The Fauci Lasagna Linguistics

L’informatore ha parlato del sito di scissione del furin. Si scoprì che stava finendo nelle Fauci di un lupo.

Loosely speaking, “Fauci Lasagna” refers to the propaganda and obfuscation pronouncements of the grant-money prostitutes of the academic and scientific community. They generally forgo morality for the sake of their careers — The Shush Dictionary of Slang, 2019

From the Ancient Latin Hypocrite’s Oath & Swearing Poem

Poemata Imperatoris: Faucibus percurrit mendacium

Pestilentia decurrit per dona pecuniarum

Faucibus percurrit mendacium, pestilentia per dona pecuniarum,
Fauci culpa, Fauci mendacium.
Caesar Fauci iuvare morbum quaestum functionum quaerit.
A plena fauci lauda: O fauci Imperatoris salve!
    ————
Poems of the Emperor: A lie runs through his mouth

The plague runs through donations of money

Lies run through mouths, pestilence through gifts of money,
Fauci’s fault, Fauci’s lie.
Caesar Fauci seeks to help the disease gain functions.
Praise from a full throat: Hail, O throat of the Emperor!

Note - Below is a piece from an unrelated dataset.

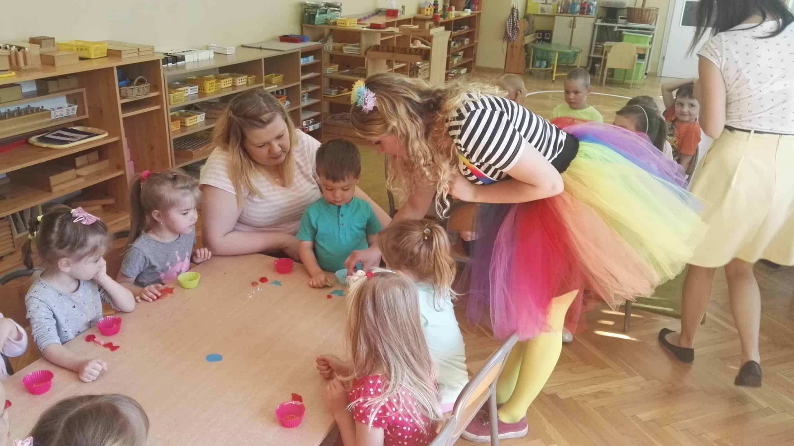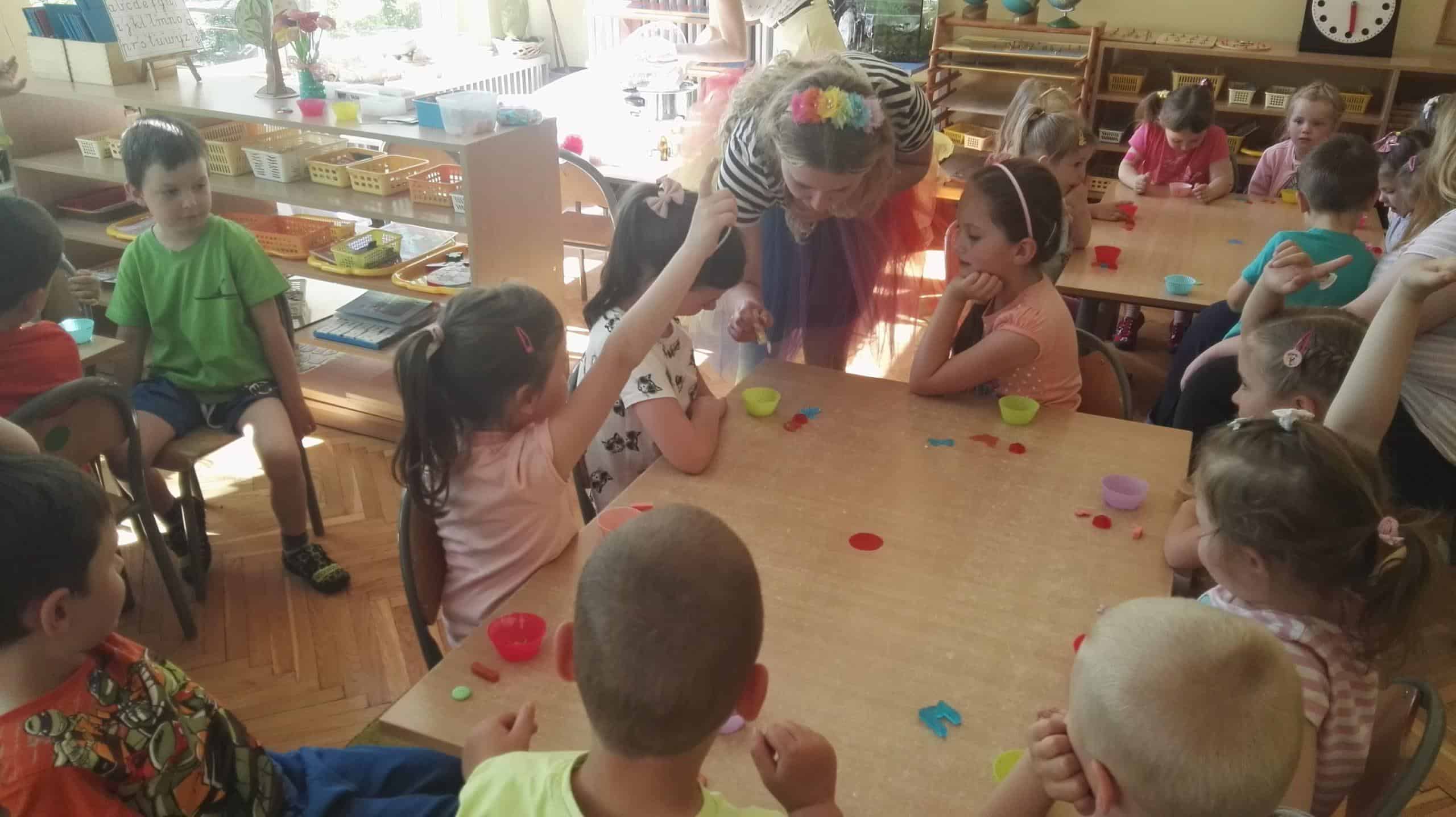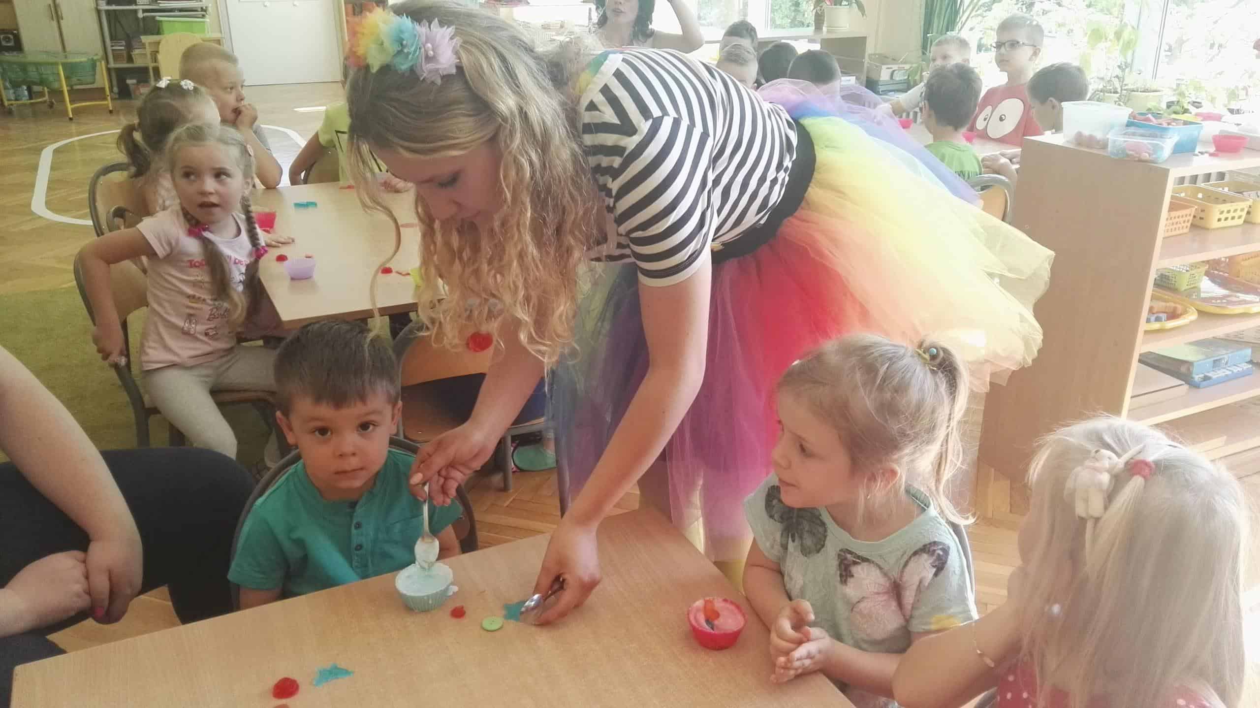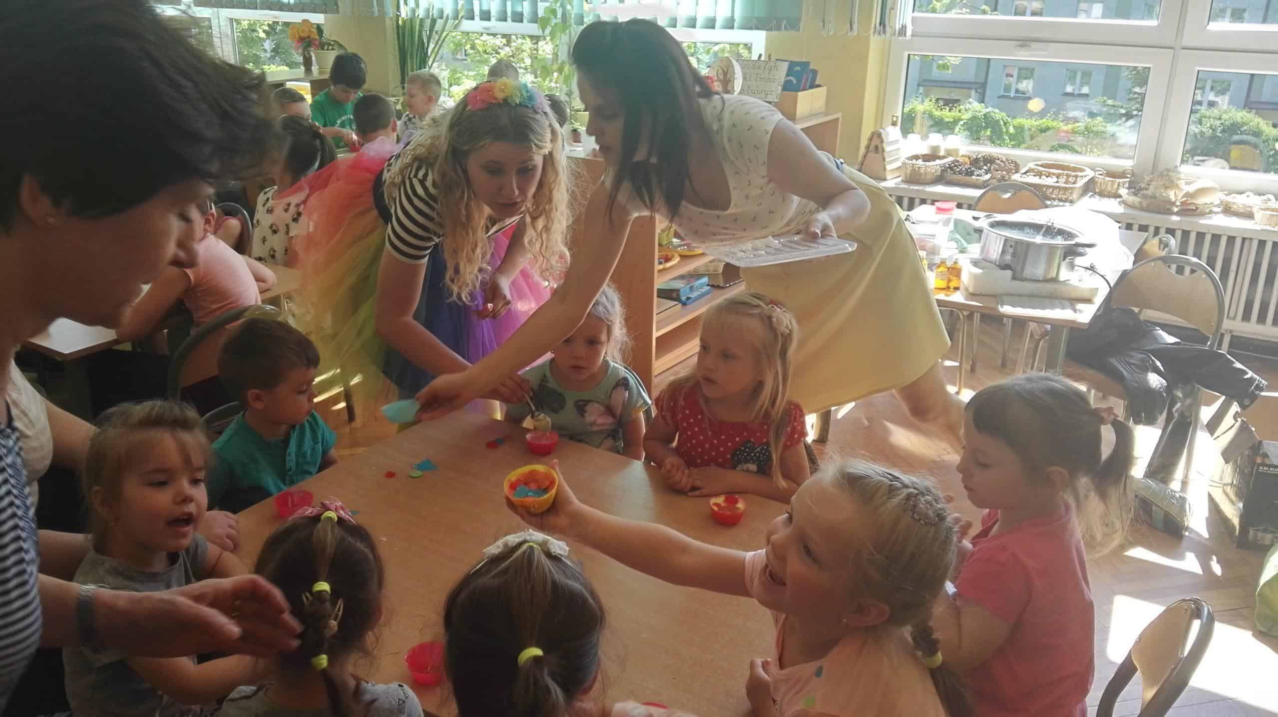 W dniu 7 maja gościliśmy w naszej grupie panią Mariolę i panią Olę, które to przybliżyły dzieciom proces powstawania mydła. Dzieci miały możliwość zobaczyć jak powstaje mydełko i samodzielnie wziąć udział w jego produkcji przygotowując własne pachnące, pięknie przyozdobione i kolorowe. Pod czujnym okiem Pań przystąpiliśmy do procesu produkcji, zachowując ostrożność oraz przestrzegając poszczególnych jego etapów. Dzieci samodzielnie wybierały kolor foremki, ozdoby mydlarskie w przeróżnych kształtach i kolorach, barwnik według gustu dzieci w zależności od oczekiwanego koloru mydełka a także cudowne zapachy konwalii, czekolady i bzu. Każde dziecko samodzielnie komponowało swoją mydlaną mufinkę, co sprawiło dzieciom wiele radości a w sali unosił się piękny czekoladowo – kwiatowy zapach. W walnej chwili nie zabrakło także wspólnych zabaw.
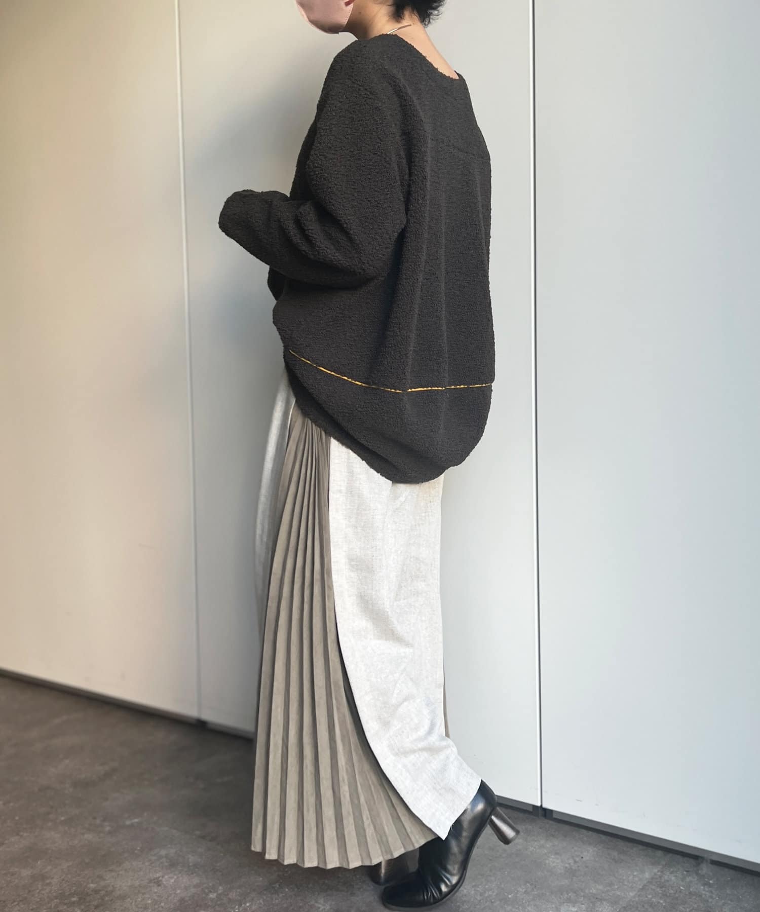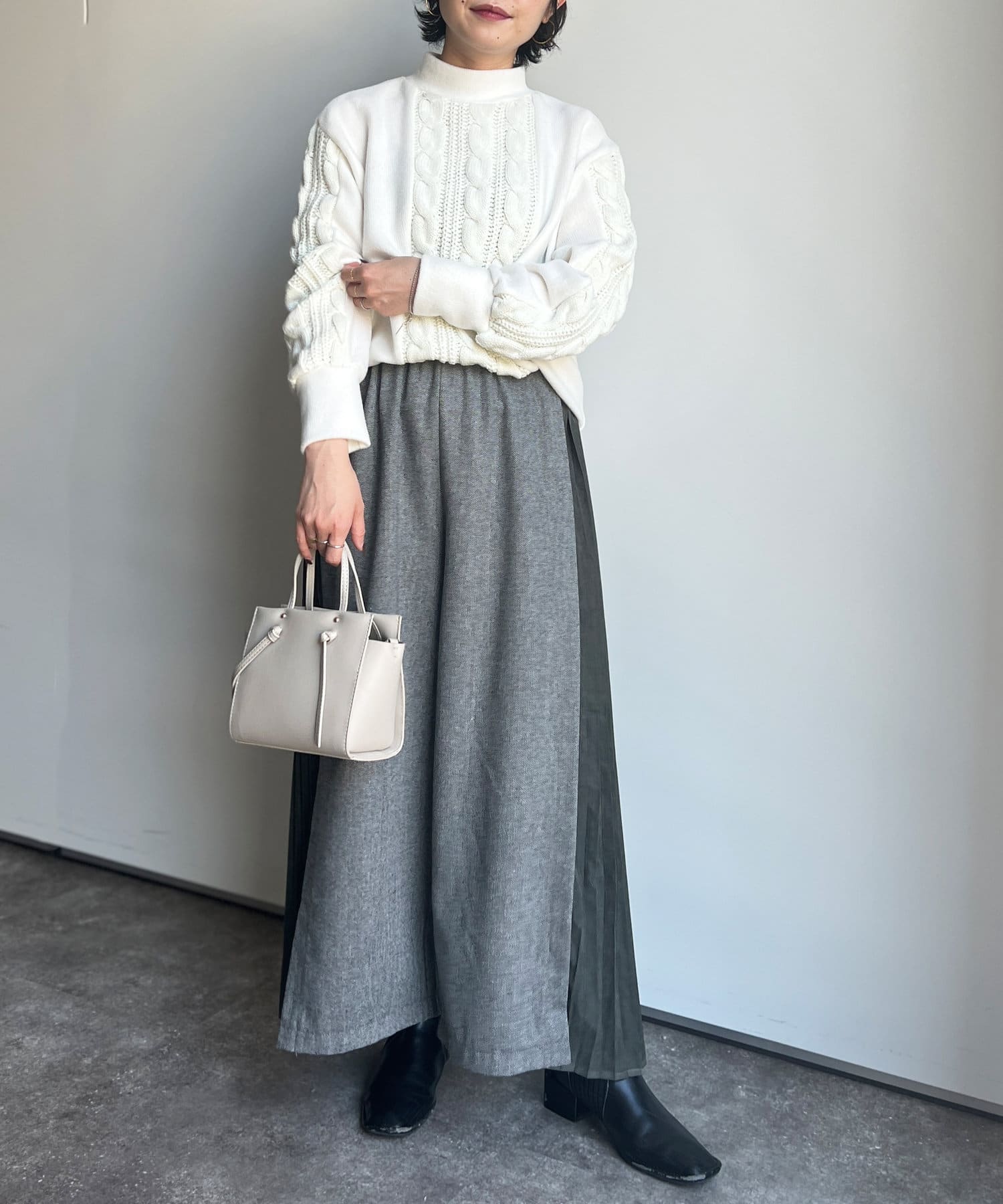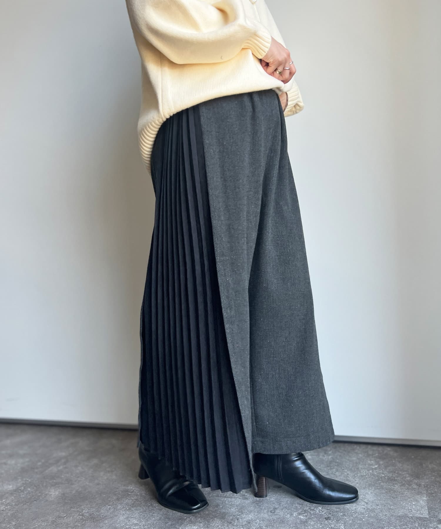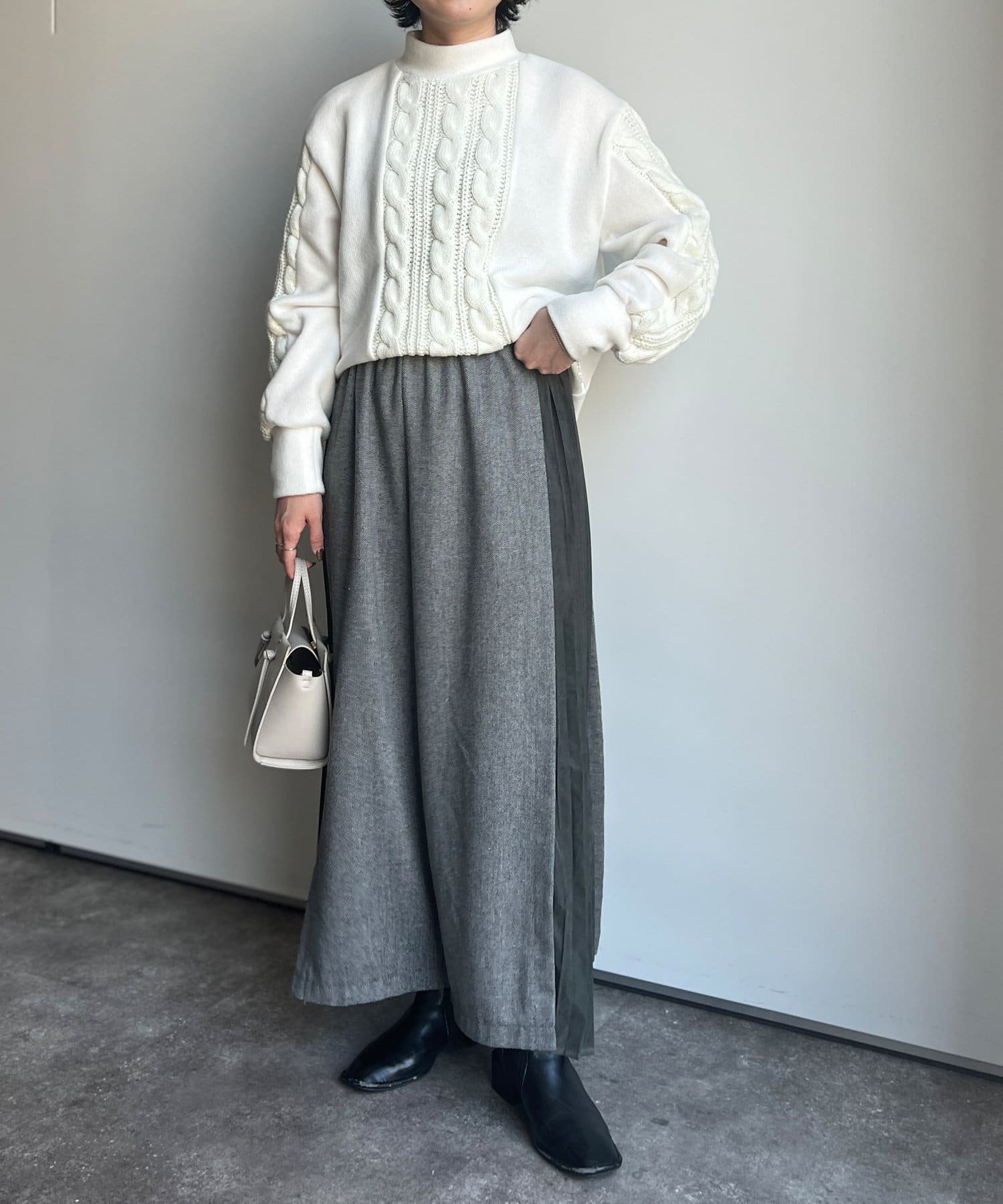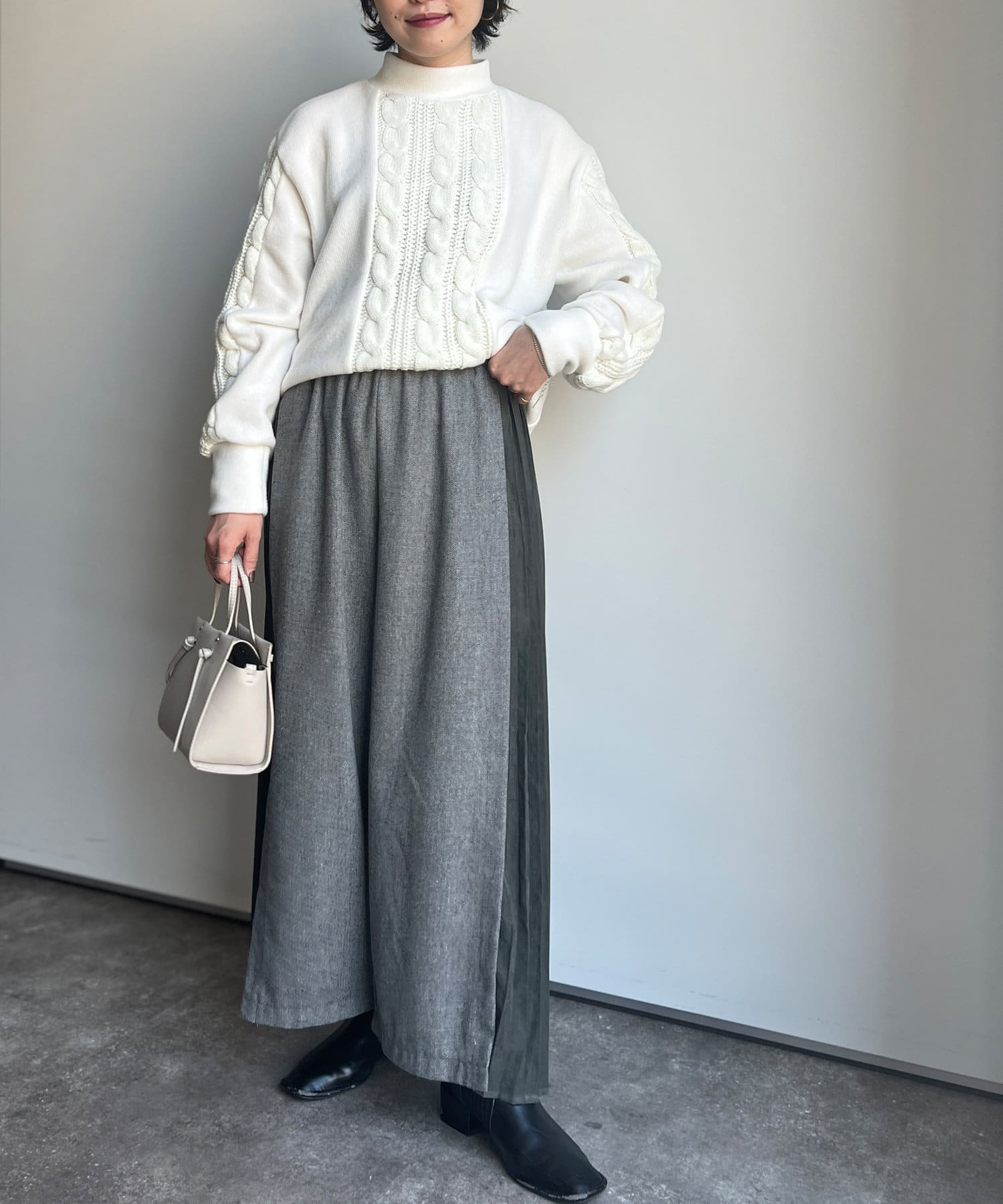 ゆったりしたワイド感なので、カジュアルなニットから甘めブラウスまで様々なアイテムとのミックスコーデを楽しんでいただけます。

The Corona Family Resorts Inc. Official Slogan

“Cave cantum in fauce Fauci Domini lasagna pro diabolo.”
Beware of the song in the throat of Lord Fauci’s lasagna for the devil.

If you receive an invitation, make your reservations now.

As explained in your invitation, the cost is very dear, but it’s well worth it. Remember that expression about the cost of buying a yacht: “If you have to ask the price, you can’t afford it.” Do not come directly to the main island. Leave your ship at the designated port and we will pick you up and transport you by submarine. We will also ship your luggage by different means. But keep in mind that this a long term commitment explained in the legal documents that you must sign.

Bon Voyage!

We will see you soon. It will be the best experience of your life and the most luxurious as long as you follow the rules.

*The Origin of COVID: Did People or Nature Open Pandoras Box At Wuhan
**Fauci Gives False Testimony
*** The Creole Melting Pot
H.G. Wells, The Island of Doctor Moreau, A Possibility, 1896, New York, Stone & Kimball, MDCCCXCVI.